İş cinayetlerine karşı nasıl bir mücadele hattı örülmeli?
İş cinayetleri, işçi sınıfının farklı bölüklerini (yani işçi/memur, kadrolu/sözleşmeli/taşeron, kamu/özel) ve farklı kesimlerini (çocuk/genç/yaşlı, kadın/erkek, Türkiyeli/göçmen gibi) yatay olarak kesip ortaklaştıran bir gerçekliğe sahip. Bu noktada farklı kesimler içinde en ezilen grupların özel taleplerini oluşturan ve temel alan bir perspektif geliştirmek gerekiyor. Bu olmadığı sürece, yaptığımız sadece ve sadece durumu ortaya seren ve teşhir eden bir pozisyon almanın ötesine gitmiyor.

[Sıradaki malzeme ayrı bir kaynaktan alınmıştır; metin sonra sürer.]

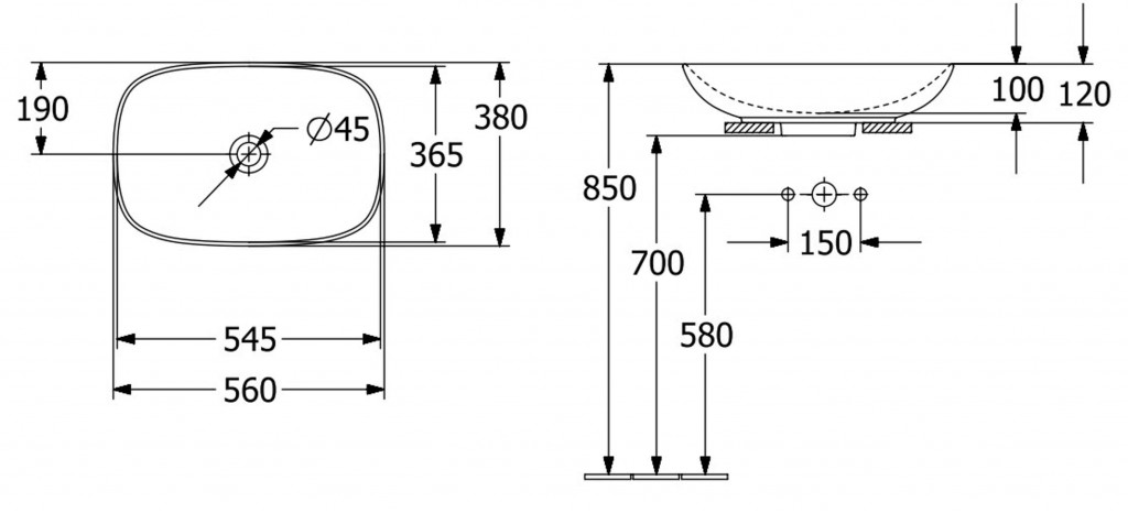 Umyvadlo k postavení na desku nebo koupelnovou skříňku

Elbette varolan durumu tespit etmek çok önemli. Başlangıç noktalarımız ve oluşturacağımız politikalar açısından zeminleri görmemizi sağlıyor. Ancak bir işçinin yaralanmasını veya ölümünü tüm işçi sınıfının sorunu haline getirmek, “birimizin burnu kanasa hepimize yapılmış sayarız” diyebilen bir bilinç oluşturmamız gerekiyor. Bu noktada taşeron, yevmiyeli, sigortasız vb. istihdam biçimlerinde çalışan işçilerin güvenceli çalışmasını esas alan ve kadın, çocuk, göçmen ve yaşlı işçilere dönük özel politikalar geliştiren, bağımsız ve kolektif bir örgütlenme tarzını esas almak ve bunun biçimlerinin hayata geçirilmesinde ısrar etmek gerekiyor.
Teşekkür ediyoruz. Gazetemiz aracılığıyla başka bir çağrı yapmak ister misiniz?
Öncelikle Emeğin Kurtuluşu gazetesine yayın hayatında başarılar diliyorum. İşçi sağlığı mücadelesinde önlem, denetim gibi hususlar ya da eğitimler, kapalı salon etkinlikleri vb. öne çıkar. Ancak öncelikle öne çıkarılması gereken husus işçi denetimidir. İşçi sağlığının temel olarak işyerinde korunacağı bilinciyle örgütlülüklerimizi oluşturmak ve buradan hayatımızın tüm alanlarına yaymak gerektiğini düşünüyorum. Bu noktada ısrar etmek gerektiğini söylemeliyim.